#### Exercise description
Nothing but the lines below from the one holding "Filhote de bugio-marrom-do-norte" up to and including the one holding "Grey Full Zip" should be copied, exactly and without pictures.

#### The data
BEGIN

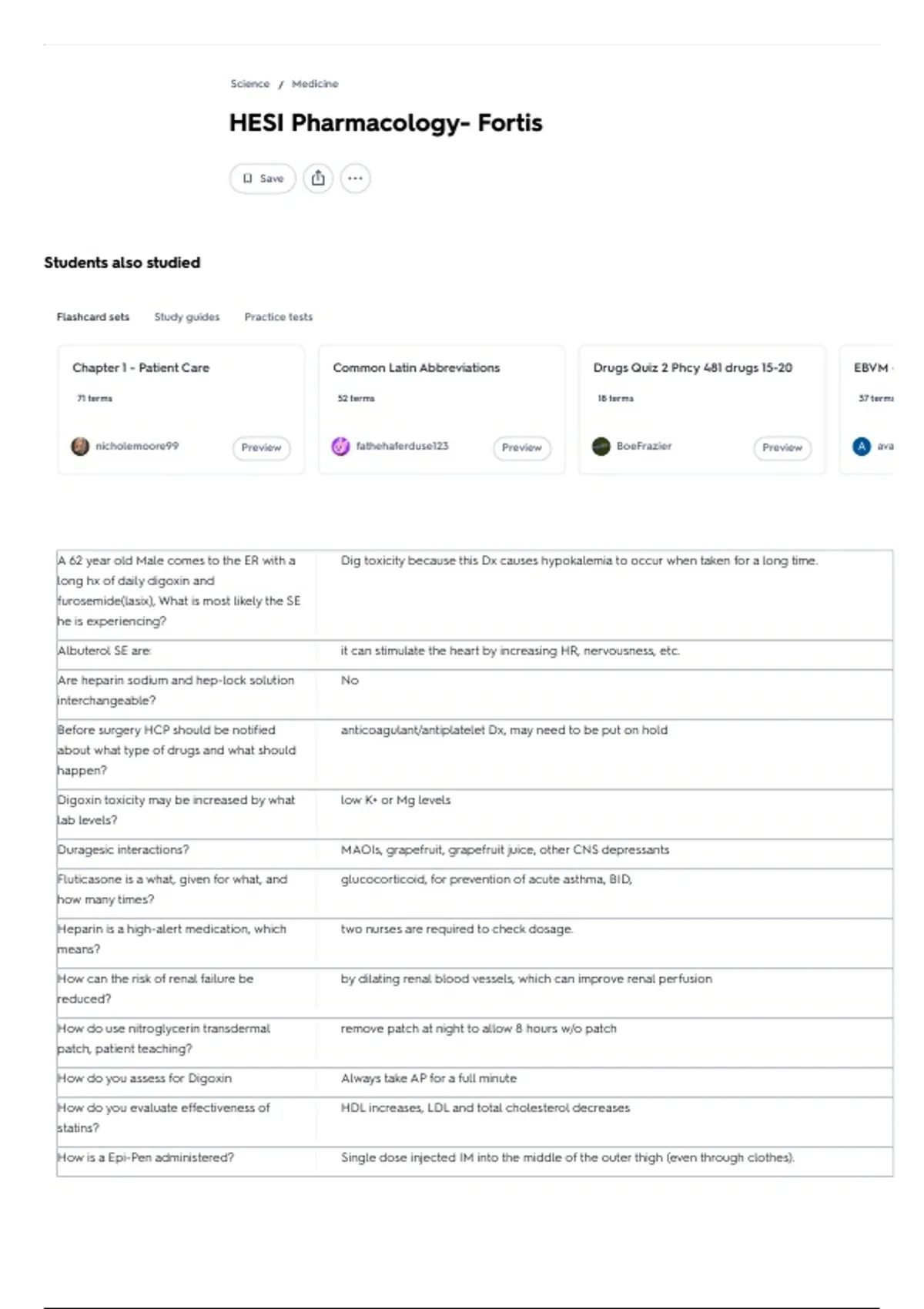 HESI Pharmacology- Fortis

END
BEGIN

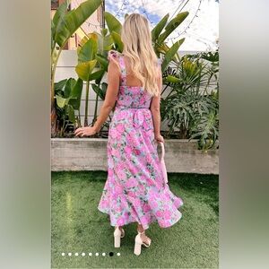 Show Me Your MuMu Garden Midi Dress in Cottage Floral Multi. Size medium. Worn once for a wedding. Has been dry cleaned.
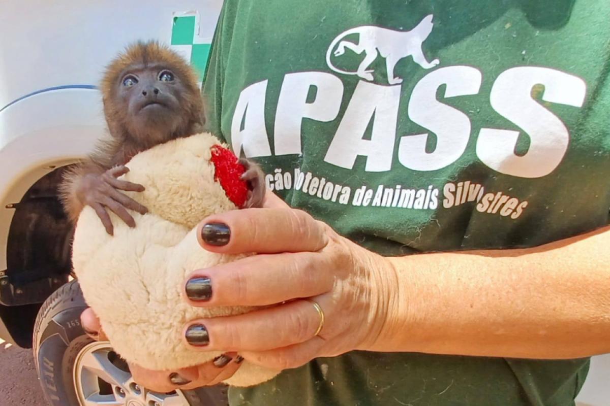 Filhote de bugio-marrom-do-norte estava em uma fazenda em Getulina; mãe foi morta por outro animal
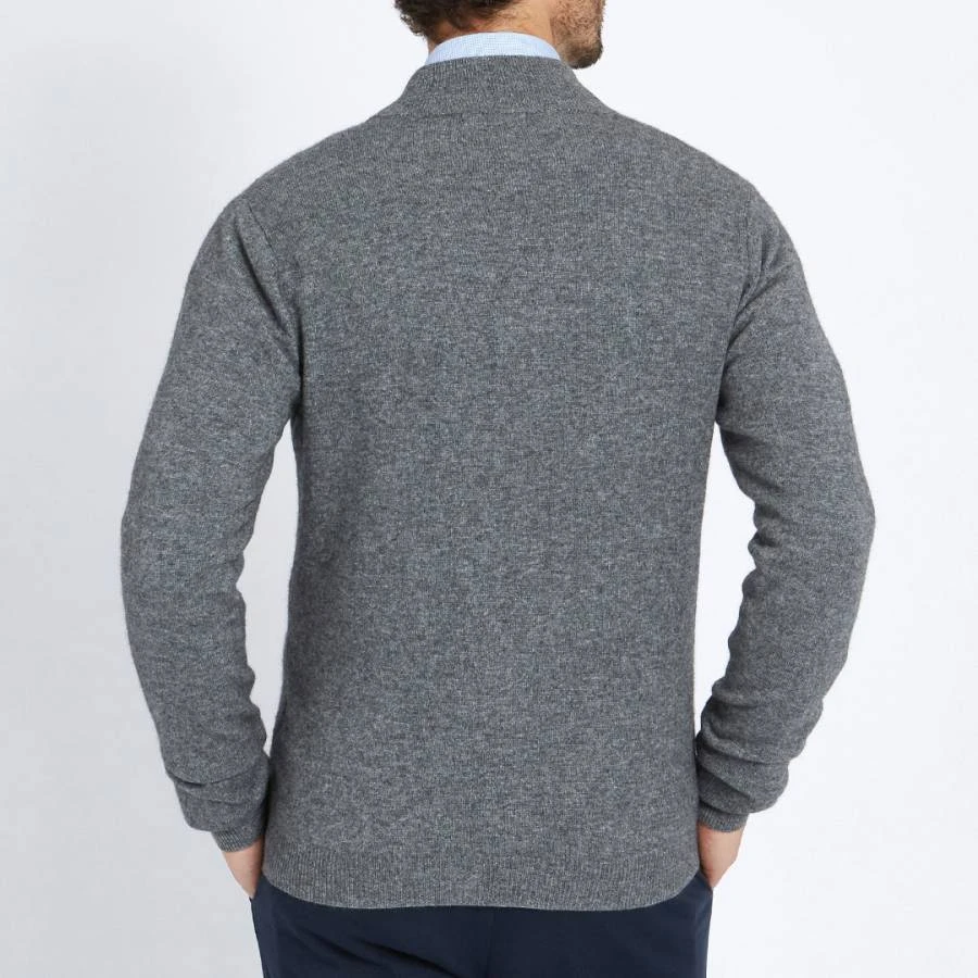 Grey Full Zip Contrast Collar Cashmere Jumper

END
BEGIN

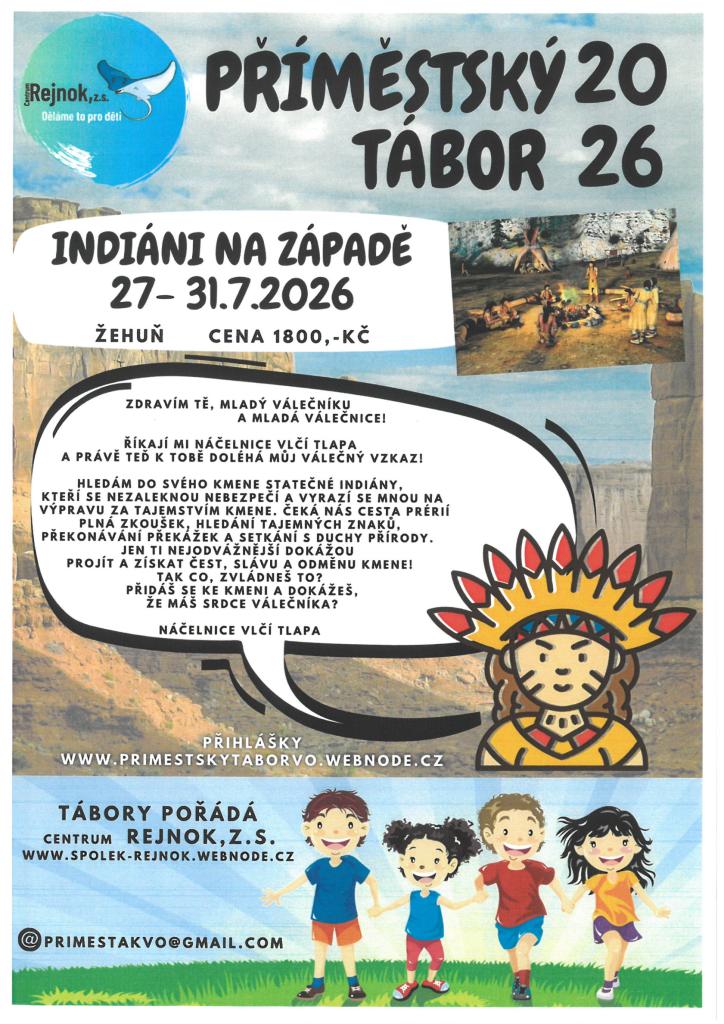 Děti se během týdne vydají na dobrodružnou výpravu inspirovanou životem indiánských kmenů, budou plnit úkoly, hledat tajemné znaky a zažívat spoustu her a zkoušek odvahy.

END

#### Solution to this problem
 Filhote de bugio-marrom-do-norte estava em uma fazenda em Getulina; mãe foi morta por outro animal
 Grey Full Zip Contrast Collar Cashmere Jumper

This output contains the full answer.